### WORK REQUEST
While leaving the pictures out, set down only the lines from the one with "Alle Termine und Angaben unter Vorbehalt!" through the end of the records, exactly as they stand.

### MATERIAL SUPPLIED

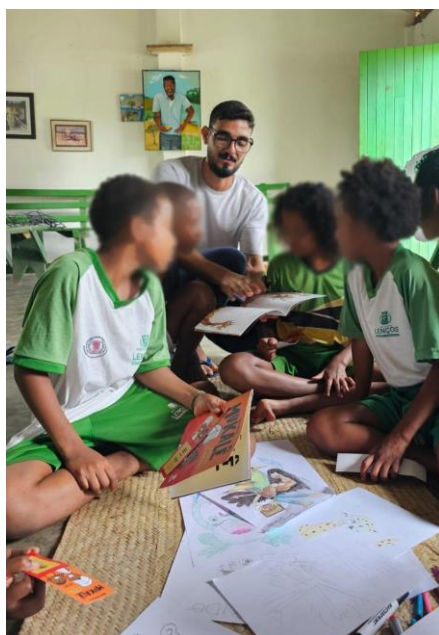
Figura 2 - Oficina de desenho infanto juvenil realizada na comunidade quilombola do Remanso

Ainda analisando as ações e descrições apresentadas por meio do Quadro 1, notou-se que as atividades interativas promovidas nesses espaços favorecem o protagonismo social e informacional dos sujeitos. Conforme Perrotti (2017), o protagonismo não se limita ao acesso ao livro, mas envolve a capacidade de transitar entre diferentes linguagens, interpretar conteúdos e produzir sentidos. Assim, as ações editoriais desenvolvidas pela Eduefs potencializam processos dialógicos e participativos, fortalecendo vínculos sociais e ampliando o impacto cultural da universidade. Para exemplificar essa afirmação, indica-se a Figura 2 abaixo, a qual registra o momento da oficina de desenho voltado à crianças e adolescentes.
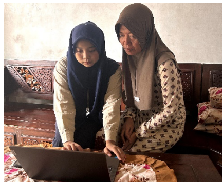
Gambar 3. Proses editing logo
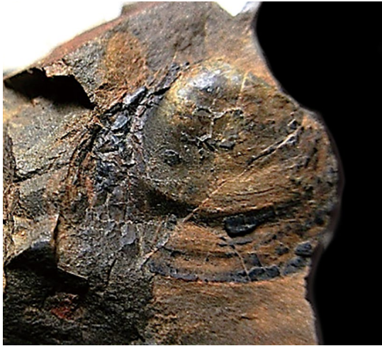
① (FCMNH GF 10097a, 16W)
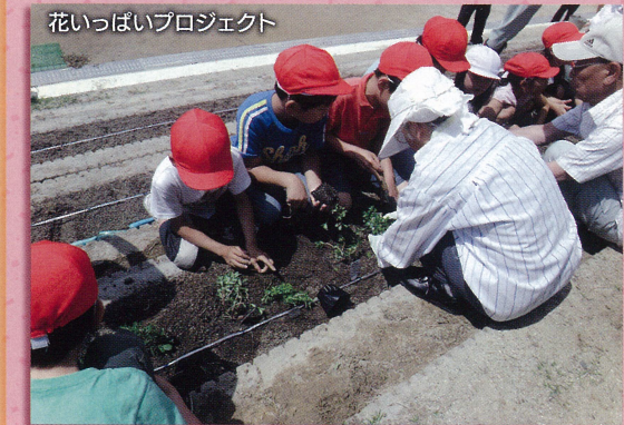
花いっぱいプロジェクト
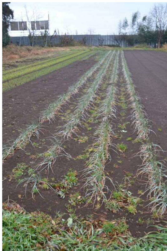
2017年2月9日、天神峰農地。ビニールハウス東側のらっきょう畑。
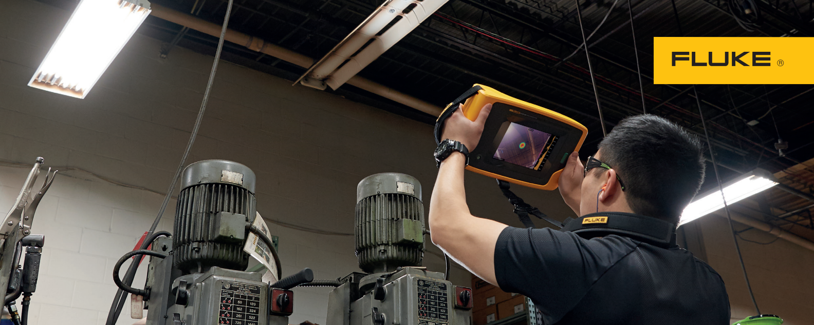
Persluchtleidingen inspecteren met de Fluke ii900 Sonic Industrial Imager
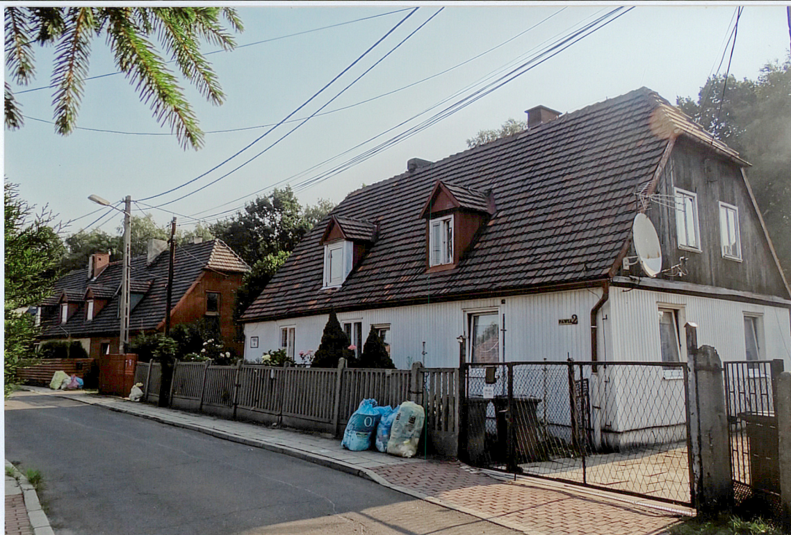
ul. Pawia 2-4, widok od strony POŁUDNIOWO-ZACHODNIEJ
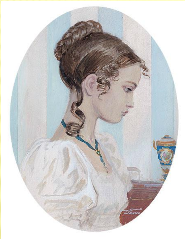
ТАТЬЯНА. «ЕВГЕНИЙ ОНЕГИН». Д. БЕЛЮКИН.
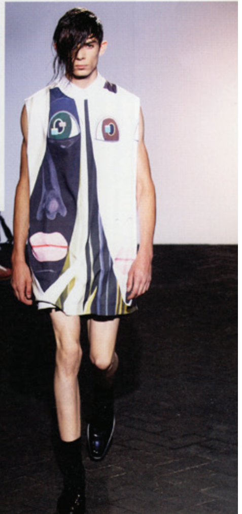
Raf Simons' Spring/Summer 2013 menswear collection / Herrenkollektion Frühjahr/Sommer 2013
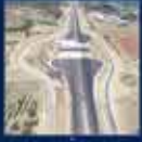
İstanbul'da düzenlenen 2010 Dünya Kültür Festivali'nin en büyük başarısı oldu 29 Ekim 2010
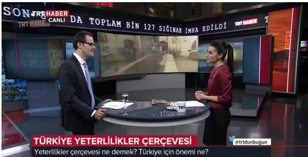
TRT Haber Dün Bugün Programı

2017 yılında ulusal ve uluslararası birçok etkinliğe katılım sağlanmış, paydaşlar tarafından düzenlenen etkinliklerde tanıtıcı sunumlar yapılmış, ulusal televizyon kanallarındaki programlarda TYÇ, AYÇ, referanslama ve önemi konularında kamuoyu bilgilendirilmiştir.
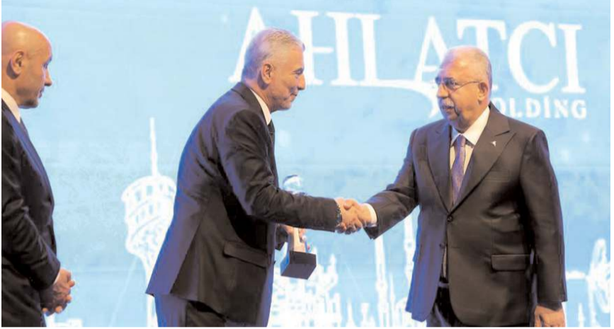
Ahlatcı Holding Yönetim Kurulu Başkanı Ahmet Ahlatcı, ödülünü Ticaret Bakanı Ömer Bolat'tan aldı.

Türkiye İhracatçılar Meclisi tarafından düzenlenen İhracat Şampiyonları Ödül Töreni'nde "Türkiye'nin Mücevher Sektörü İhracat Şampiyonu" ödülünü aldı.
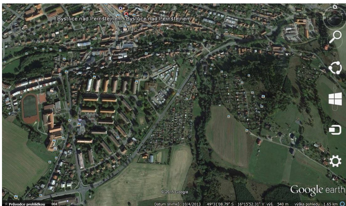
Obrázek č. 7: Lokalita Bystřice nad Pernštejnem

Město velikostně podobné Novému Městu na Moravě. Zde jsem se zaměřila na jednu, zato podstatně větší, chatovou oblast. Oblast se nachází na okraji Bystřice nad Pernštejnem, při výjezdu směr vesnice Zvole. Hned přes silnici je postaveno sídliště, kde je jistě mnoho zahrádkářů a chatařů, kteří to mají na zahrady blízko tak, jako jeden z mých respondentů. Je to velká osada, kterou tvoří zejména zahrádkářské chaty a která je poměrně hustě obydlená. Pro výzkumné šetření jsem z osady vybrala dva respondenty.
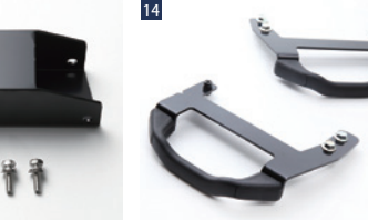
JAOSアクセルペダルスペーサー ■ステンレス/カチオン電着 ■ボルトオン ■左ハンドル車装着不可 ■2011年以降のサブワーカー装着車はJAOSアンプ移動ブラケットが別途必要
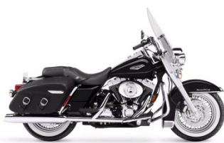
ROAD KING CATEGORIE A
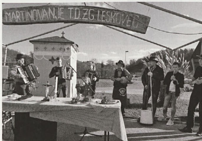
Turistično društvo je uspešno izpeljalo tradicionalno leskovško martinovanje.
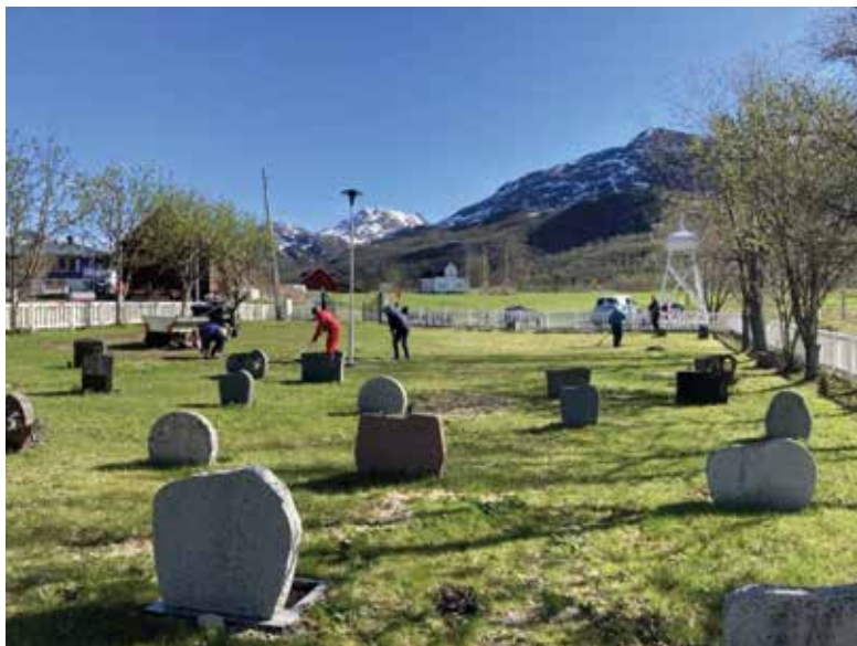
Bildet er fra dugnad på Faksfjord gravlund, 22. mai i år.
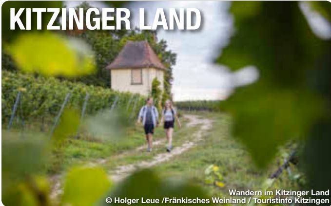
Wandern im Kitzinger Land

Alle Termine und Angaben unter Vorbehalt!
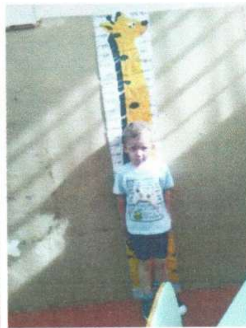
Essa é a minha casa Maternal 1A
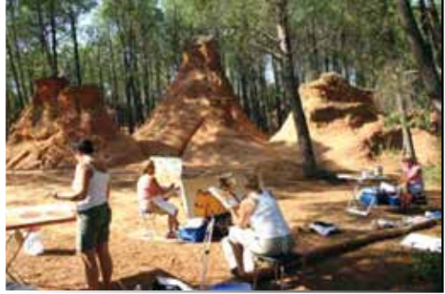
© Richter Art, Malen in der Provence

Nähere Einzelheiten/Anmeldung (Kursgebühr etc.) über die Homepage von Fr. Richter oder per Email: gisela@richter-art.de
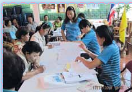
สถานที่ 59 สภามะลิ
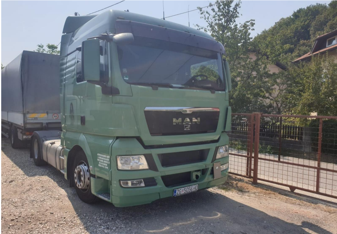
Slika 4.7. Teretno vozilo marke MAN TGA
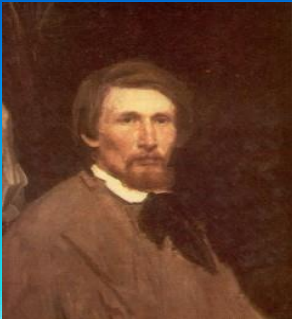
Виктор Михайлович Васнецов (1848-1926)
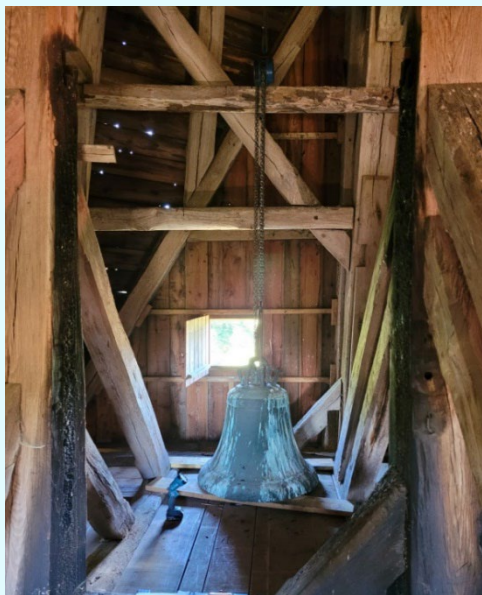
GLOCKE KIRCHE PARUM

Nach langem Warten und Spendensammeln konnten die Sanierungsmaßnahmen an der Glocke der Kirche Parum endlich beginnen. Nachdem sowohl die Glockenstube als auch der Kirchen-Dachboden von einer Fachfirma professionell gereinigt wurden, erneuerte die Tischlerei Kleine anschließend den Boden in der Glockenstube, so dass alle folgenden Arbeiten sicher ausgeführt werden können. Am 11. Juli 2022 war es dann endlich so weit, die Glocke wurde abgesenkt und in das größere Glockenfach umgestellt. Der Klöppel wurde entfernt und die Glocke wurde zur Anfertigung des neuen Klöppels aufwendig vermessen. Die Glocke wiegt 529 kg und wartet auf das stärkere Joch. Das alte Joch wurde entfernt. Und das Joch des großen Glockenfaches wird nun aufgearbeitet und ein neuer Klöppel gegossen.

### ANSWER SECTION
Alle Termine und Angaben unter Vorbehalt!
Essa é a minha casa Maternal 1A
© Richter Art, Malen in der Provence

Nähere Einzelheiten/Anmeldung (Kursgebühr etc.) über die Homepage von Fr. Richter oder per Email: gisela@richter-art.de
สถานที่ 59 สภามะลิ
Slika 4.7. Teretno vozilo marke MAN TGA
Виктор Михайлович Васнецов (1848-1926)
GLOCKE KIRCHE PARUM

Nach langem Warten und Spendensammeln konnten die Sanierungsmaßnahmen an der Glocke der Kirche Parum endlich beginnen. Nachdem sowohl die Glockenstube als auch der Kirchen-Dachboden von einer Fachfirma professionell gereinigt wurden, erneuerte die Tischlerei Kleine anschließend den Boden in der Glockenstube, so dass alle folgenden Arbeiten sicher ausgeführt werden können. Am 11. Juli 2022 war es dann endlich so weit, die Glocke wurde abgesenkt und in das größere Glockenfach umgestellt. Der Klöppel wurde entfernt und die Glocke wurde zur Anfertigung des neuen Klöppels aufwendig vermessen. Die Glocke wiegt 529 kg und wartet auf das stärkere Joch. Das alte Joch wurde entfernt. Und das Joch des großen Glockenfaches wird nun aufgearbeitet und ein neuer Klöppel gegossen.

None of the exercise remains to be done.